High-throughput identification of receptor–peptide contact residues from PDB/mmCIF structures (Python 3, Biopython, multithreaded)
extract_binding_site.py is a command-line utility that locates all receptor
residues in close contact with peptide chains for any number of PDB/mmCIF
structures (optionally .gz-compressed).
It assumes the largest protein chain is the receptor and treats all other
protein chains as peptides.
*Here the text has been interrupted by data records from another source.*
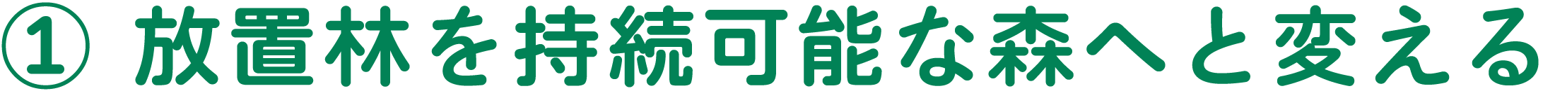 ・放置林を適切に手入れ(壊れない道づくり、藪化の改善、豊かな森林を残すための間伐など)
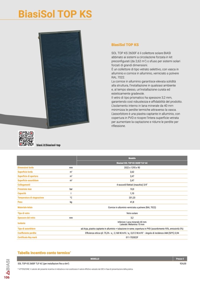 ad Arpa, piastra captante in alluminio + tubazione in rame; copertura in PVD (assorbimento 95%, emissività 5%)
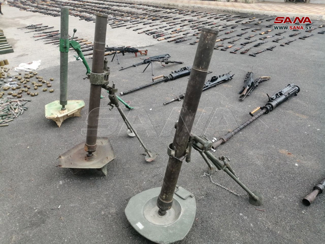 Citing a security source, the state-run news agency said that the weapons and ammunition were uncovered during recent combing operations thanks to information provided by the locals in Daraa city and its countryside.
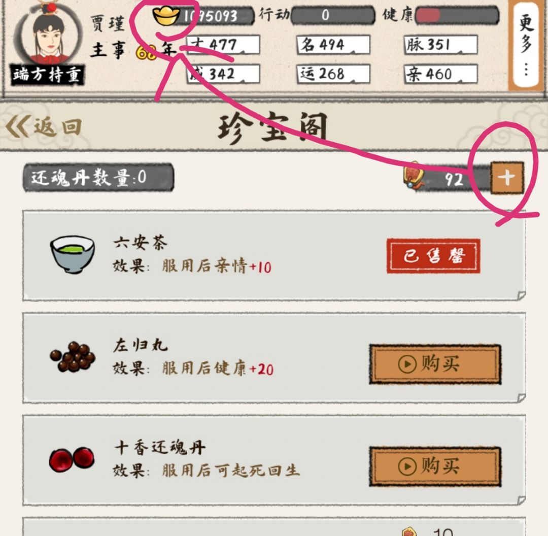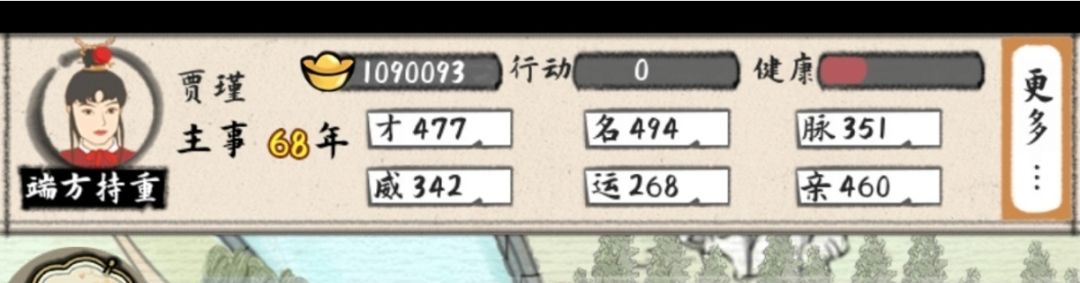 健康:红色是你的血条,见底人物死亡,可以通过地图上的「大观园」-「随便逛逛」+2健康,或者点击下方「珍宝」在珍宝阁看广告买左归丸+20健康

Results are written to a single tidy CSV file.
| Key points | |
|---|---|
| Fast & parallel | Uses Python ThreadPoolExecutor; scales to hundreds of structures in minutes |
| Flexible input | Accepts individual files, unix‐style globs, or directories (recurses automatically) |
| Robust parsing | Handles .pdb, .cif, and their .gz versions via Biopython |
| Clean output | Produces a 6-column CSV ready for downstream analysis or visualisation |
| Pure Python 3 | Only external dependencies are biopython, numpy (pulled by Biopython), and tqdm for a neat progress bar |
# 1. Clone the repo
git clone https://github.com/SidSin0809/receptor-peptide-interface-mapper.git
# 2. Install requirements
pip install -r requirements.txt
Quick start
# Example: process all *.pdb files in current & nested folders,
# using 8 threads and a 4 Å cut-off
python extract_binding_site.py "**/*.pdb" \
--cutoff 4.0 \
--threads 8 \
--out peptide_interfaces.csv
CLI options
| Flag | Default | Description |
| ----------- | ------- | -------------------------------------------- |
| `pdb ...` | (none) | File paths, globs, or directories to analyse |
| `--cutoff` | 4.0 | Atom–atom distance threshold (Å) |
| `--threads` | CPU | Number of worker threads (≤ CPU cores) |
| `--out` | csv | Output filename |
Citation If this tool contributes to academic work, please cite:
Singh S. (2025) Receptor–Peptide Interface Mapper. GitHub repository.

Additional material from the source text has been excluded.